Post by Fabian Fichter »

As you already found out, I use bitboards with 128 bit for the large-board version that supports board sizes up to 12x10, and 8 bit remain unused. For variants that use smaller boards than the bitboard size of the respective version (128bit/64bit), a bitboard containing the actual squares of the board is &-ed to bitboards for move generation, attacks, etc.

Your question actually reminds me that it might a good idea to add a page to the wiki https://github.com/ianfab/Fairy-Stockfish/wiki to describe the engine from a more technical viewpoint, so that people who are more interested in those aspects or who would like to contribute can get an overview of the design of the engine.

As a very quick overview, if you want to find the code related to a certain rule/feature of a variant, you can start in variant.cpp where the rules of the variants are defined and then check position.h (which also wraps the access to those variant attributes), position.cpp, and movegen.cpp for usages of the respective attributes, because they basically contain all of the code related to variant rules.

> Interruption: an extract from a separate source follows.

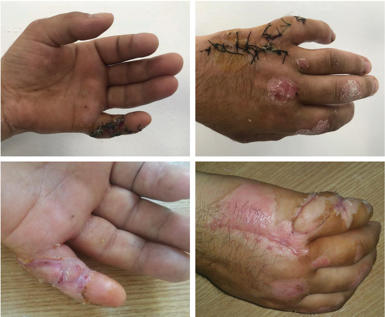
Figure 4. Case 1 – Postoperative aspect after 2 and 3 weeks.

local perforator flap, with minimal donor site morbidity, with a simple and straightforward rising technique [7, 8]. The palmar and the dorsal metacarpal artery system anastomoses distally, where it branches out a perforator, known as the Quaba perforator, that supplies the hand dorsum [4, 9]. As a constant palmar-dorsal small size vessel, this Quaba perforator, arising from the digital web space, is used in the flap with the same name [10]. Using vascular Doppler investigation to find the perforator is unnecessary, as the anatomy is quite constant and reliable: the perforator is located distal to juncturae tendinea, at the 2 nd , 3 rd , and 4 th interdigital space, at 0.5–1cm proximal to the metacarpophalangeal joint [2, 11].

Bitboard.h/.cpp contain some code relevant for magic bitboards for fairy pieces and on the 12x10 board.

Leaving the variants themselves out of the core parts of the code and rather making individual rules/features of a game the central aspects of the engine was the fundamental design decision. In this way variants are just data (as a set of rules) and can easily be added as long as the individual rules of the variant (board size, piece types, move mechanisms, etc.) are already supported.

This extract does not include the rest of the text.